Records contained in a dataset:
---+---
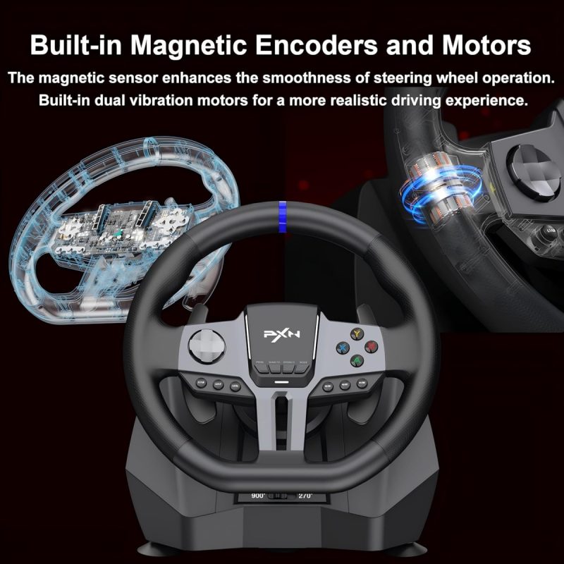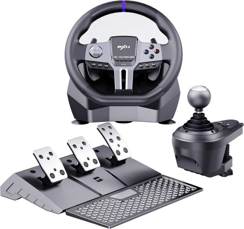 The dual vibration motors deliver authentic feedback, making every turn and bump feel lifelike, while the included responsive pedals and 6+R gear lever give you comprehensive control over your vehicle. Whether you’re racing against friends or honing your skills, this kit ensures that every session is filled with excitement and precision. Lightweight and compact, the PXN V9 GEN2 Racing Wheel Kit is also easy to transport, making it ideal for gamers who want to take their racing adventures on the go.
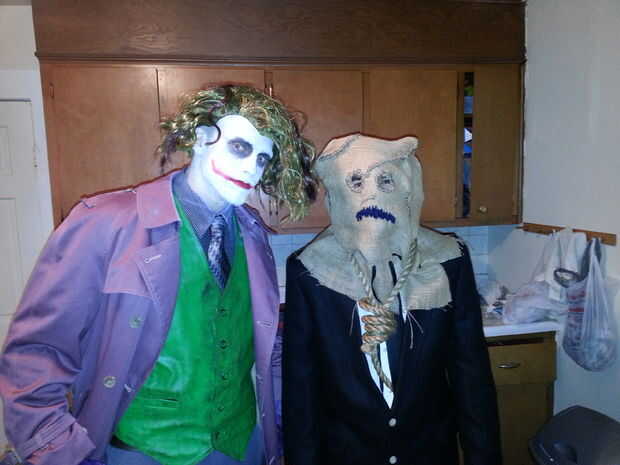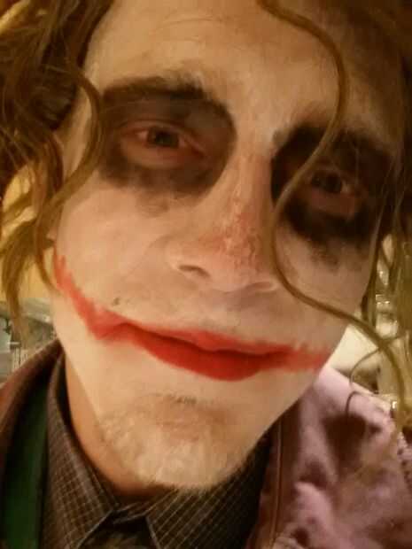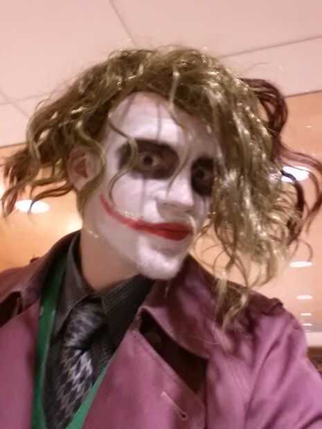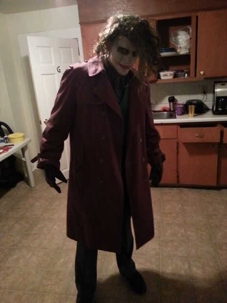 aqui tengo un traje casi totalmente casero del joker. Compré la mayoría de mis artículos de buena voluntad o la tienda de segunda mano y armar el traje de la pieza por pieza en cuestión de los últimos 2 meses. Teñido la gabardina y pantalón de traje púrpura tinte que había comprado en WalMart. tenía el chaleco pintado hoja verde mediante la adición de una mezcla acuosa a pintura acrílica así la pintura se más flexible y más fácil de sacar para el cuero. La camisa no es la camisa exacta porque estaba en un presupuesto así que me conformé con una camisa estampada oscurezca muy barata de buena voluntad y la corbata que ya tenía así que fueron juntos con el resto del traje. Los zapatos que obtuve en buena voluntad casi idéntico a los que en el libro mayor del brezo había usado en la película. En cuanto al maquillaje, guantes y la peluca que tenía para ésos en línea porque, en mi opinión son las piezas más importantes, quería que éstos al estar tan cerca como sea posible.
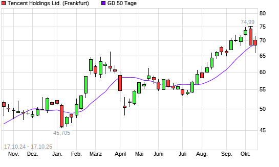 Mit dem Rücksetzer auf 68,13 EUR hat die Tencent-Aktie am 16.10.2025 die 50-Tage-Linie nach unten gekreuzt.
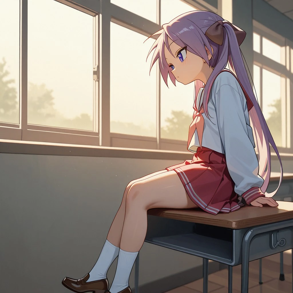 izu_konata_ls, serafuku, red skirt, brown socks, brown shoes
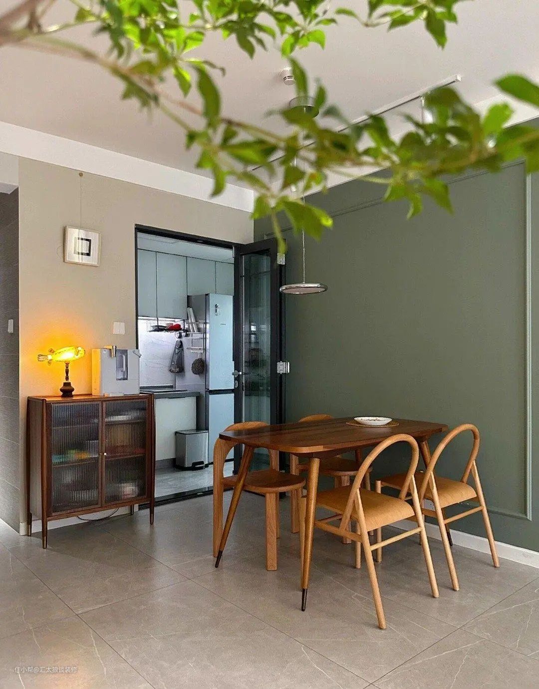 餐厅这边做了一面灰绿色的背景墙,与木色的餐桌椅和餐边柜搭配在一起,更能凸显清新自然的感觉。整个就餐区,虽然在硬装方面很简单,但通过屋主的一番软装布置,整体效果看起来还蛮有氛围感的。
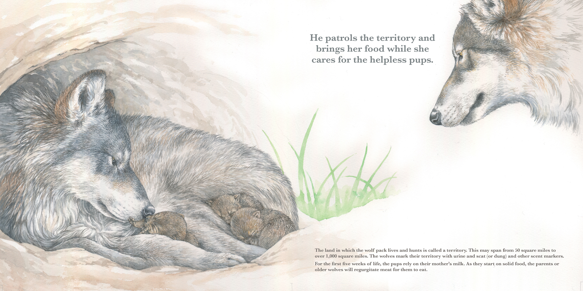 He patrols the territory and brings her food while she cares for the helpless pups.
---+---
What is being asked:
Set all of the records down once more, letter for letter, with the images removed.

Response:
 The dual vibration motors deliver authentic feedback, making every turn and bump feel lifelike, while the included responsive pedals and 6+R gear lever give you comprehensive control over your vehicle. Whether you’re racing against friends or honing your skills, this kit ensures that every session is filled with excitement and precision. Lightweight and compact, the PXN V9 GEN2 Racing Wheel Kit is also easy to transport, making it ideal for gamers who want to take their racing adventures on the go.
 aqui tengo un traje casi totalmente casero del joker. Compré la mayoría de mis artículos de buena voluntad o la tienda de segunda mano y armar el traje de la pieza por pieza en cuestión de los últimos 2 meses. Teñido la gabardina y pantalón de traje púrpura tinte que había comprado en WalMart. tenía el chaleco pintado hoja verde mediante la adición de una mezcla acuosa a pintura acrílica así la pintura se más flexible y más fácil de sacar para el cuero. La camisa no es la camisa exacta porque estaba en un presupuesto así que me conformé con una camisa estampada oscurezca muy barata de buena voluntad y la corbata que ya tenía así que fueron juntos con el resto del traje. Los zapatos que obtuve en buena voluntad casi idéntico a los que en el libro mayor del brezo había usado en la película. En cuanto al maquillaje, guantes y la peluca que tenía para ésos en línea porque, en mi opinión son las piezas más importantes, quería que éstos al estar tan cerca como sea posible.
 Mit dem Rücksetzer auf 68,13 EUR hat die Tencent-Aktie am 16.10.2025 die 50-Tage-Linie nach unten gekreuzt.
 izu_konata_ls, serafuku, red skirt, brown socks, brown shoes
 餐厅这边做了一面灰绿色的背景墙,与木色的餐桌椅和餐边柜搭配在一起,更能凸显清新自然的感觉。整个就餐区,虽然在硬装方面很简单,但通过屋主的一番软装布置,整体效果看起来还蛮有氛围感的。
 He patrols the territory and brings her food while she cares for the helpless pups.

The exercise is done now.